§ AIM OF THE TASK
Reproduce the listing in full, exactly as written, but without images.

§ DATASET EXCERPTS
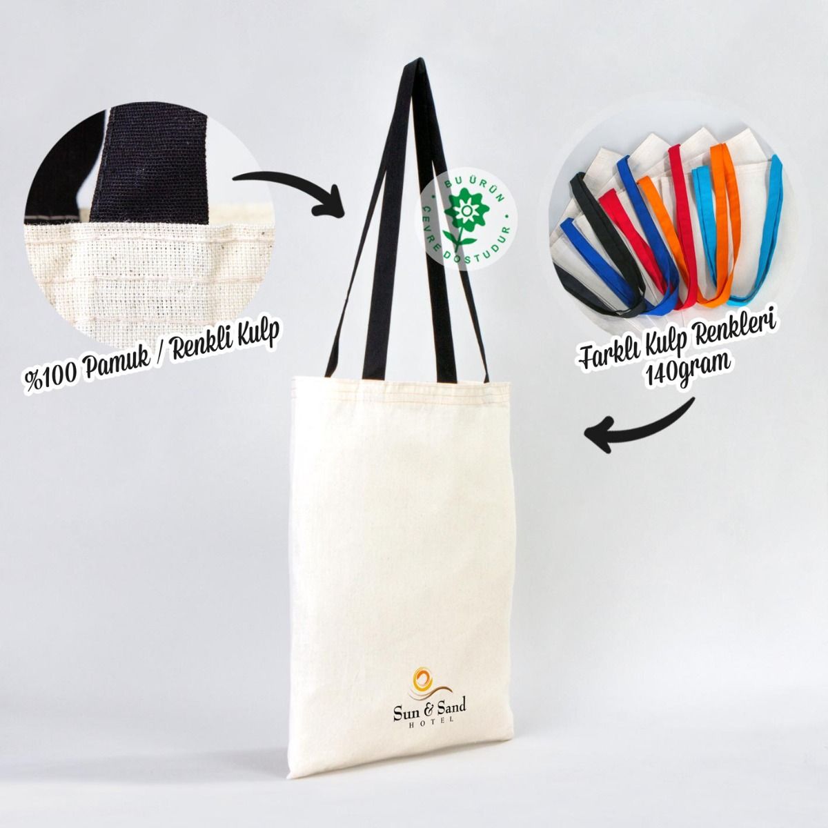 Ürün Adı: Renkli Kulp Ham Bez Çantalar
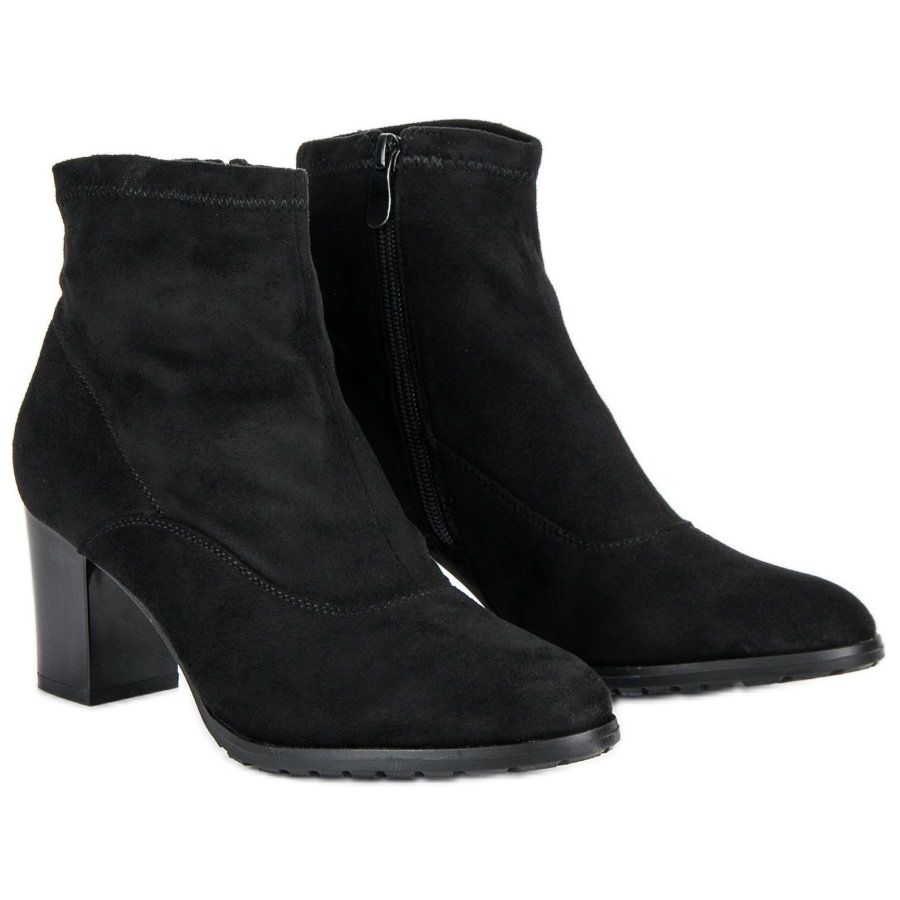 These black ankle boots with a block heel stand out with a beautifully fitting, narrow 12 cm high upper that perfectly highlights the shape of the legs. Thanks to their minimalist design, without unnecessary patterns, the ankle boots will fit into both elegant and casual stylings.
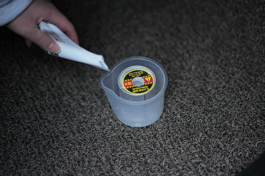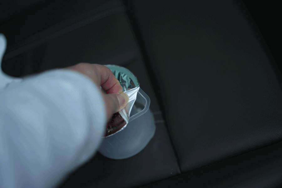 ② 그 후 용기의 은색 호일 필름을 제거하고, 조수석 발판 중앙의 평평한 부분에 놓아주세요.
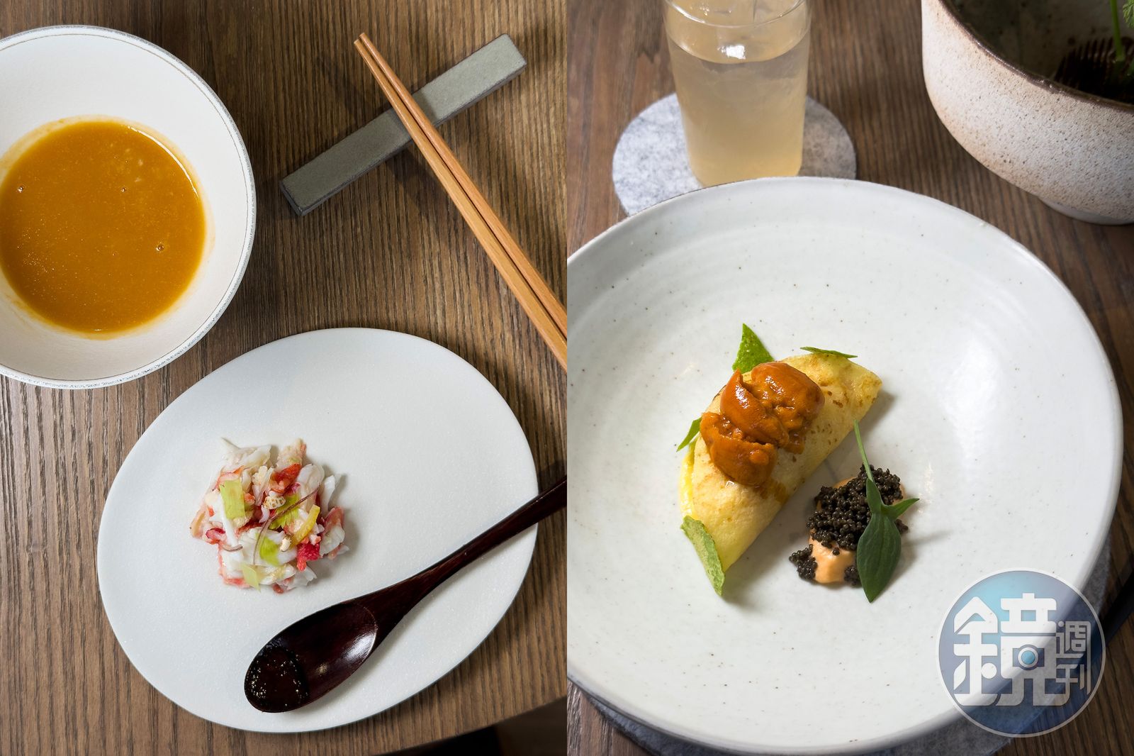 套餐開場「卵/œuf/蛋」,概念直指台灣早餐的靈魂角色「玉米蛋餅」。William運用法式可麗餅模擬南部粉漿蛋餅的軟嫩與脆皮蛋餅的邊緣焦香。餅皮包裹以海膽拌炒的玉米滑蛋,濃郁的海膽鮮甜與蛋香交融,上方點綴以稻草煙燻過的鵪鶉水波蛋,簡直是神來之筆,為整體清爽風味增添意想不到的記憶點。一旁搭配的醬汁,是以日本「田園魚子醬」地膚子翻玩番茄醬的概念,酸甜滋味正好平衡海膽的濃郁,也呼應主廚個人吃蛋餅必沾番茄醬的習慣。
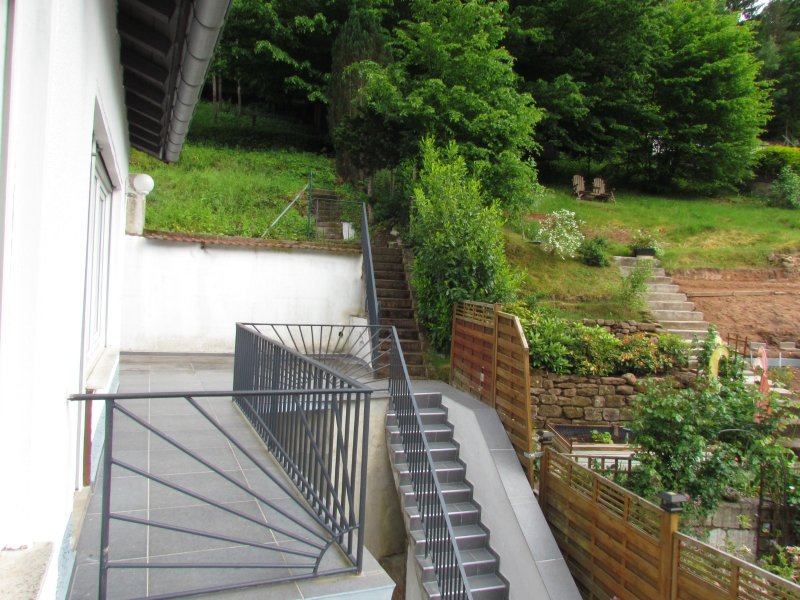 Das Haus empfängt Sie über mehrere Terrassenebenen, die sich harmonisch in das Hanggrundstück einfügen. Das Garagendach dient als großzügige Terrasse, ideal zum Entspannen oder für gesellige Grillabende. Über den ersten Treppenaufgang erreichen Sie die Kellerräume mit Heiz- und Hauswirtschaftsraum sowie einem Hobbyraum. Die nächste Ebene führt zum Haupteingang des Wohnhauses und einer weiteren Terrasse. Von hier gelangen Sie über eine massive Holztreppe in das Obergeschoss sowie auf die dritte Terrassenebene und von dort geht es weiter in den stufenartig angelegten Garten.

§ ANSWER SPACE
 Ürün Adı: Renkli Kulp Ham Bez Çantalar
 These black ankle boots with a block heel stand out with a beautifully fitting, narrow 12 cm high upper that perfectly highlights the shape of the legs. Thanks to their minimalist design, without unnecessary patterns, the ankle boots will fit into both elegant and casual stylings.
 ② 그 후 용기의 은색 호일 필름을 제거하고, 조수석 발판 중앙의 평평한 부분에 놓아주세요.
 套餐開場「卵/œuf/蛋」,概念直指台灣早餐的靈魂角色「玉米蛋餅」。William運用法式可麗餅模擬南部粉漿蛋餅的軟嫩與脆皮蛋餅的邊緣焦香。餅皮包裹以海膽拌炒的玉米滑蛋,濃郁的海膽鮮甜與蛋香交融,上方點綴以稻草煙燻過的鵪鶉水波蛋,簡直是神來之筆,為整體清爽風味增添意想不到的記憶點。一旁搭配的醬汁,是以日本「田園魚子醬」地膚子翻玩番茄醬的概念,酸甜滋味正好平衡海膽的濃郁,也呼應主廚個人吃蛋餅必沾番茄醬的習慣。
 Das Haus empfängt Sie über mehrere Terrassenebenen, die sich harmonisch in das Hanggrundstück einfügen. Das Garagendach dient als großzügige Terrasse, ideal zum Entspannen oder für gesellige Grillabende. Über den ersten Treppenaufgang erreichen Sie die Kellerräume mit Heiz- und Hauswirtschaftsraum sowie einem Hobbyraum. Die nächste Ebene führt zum Haupteingang des Wohnhauses und einer weiteren Terrasse. Von hier gelangen Sie über eine massive Holztreppe in das Obergeschoss sowie auf die dritte Terrassenebene und von dort geht es weiter in den stufenartig angelegten Garten.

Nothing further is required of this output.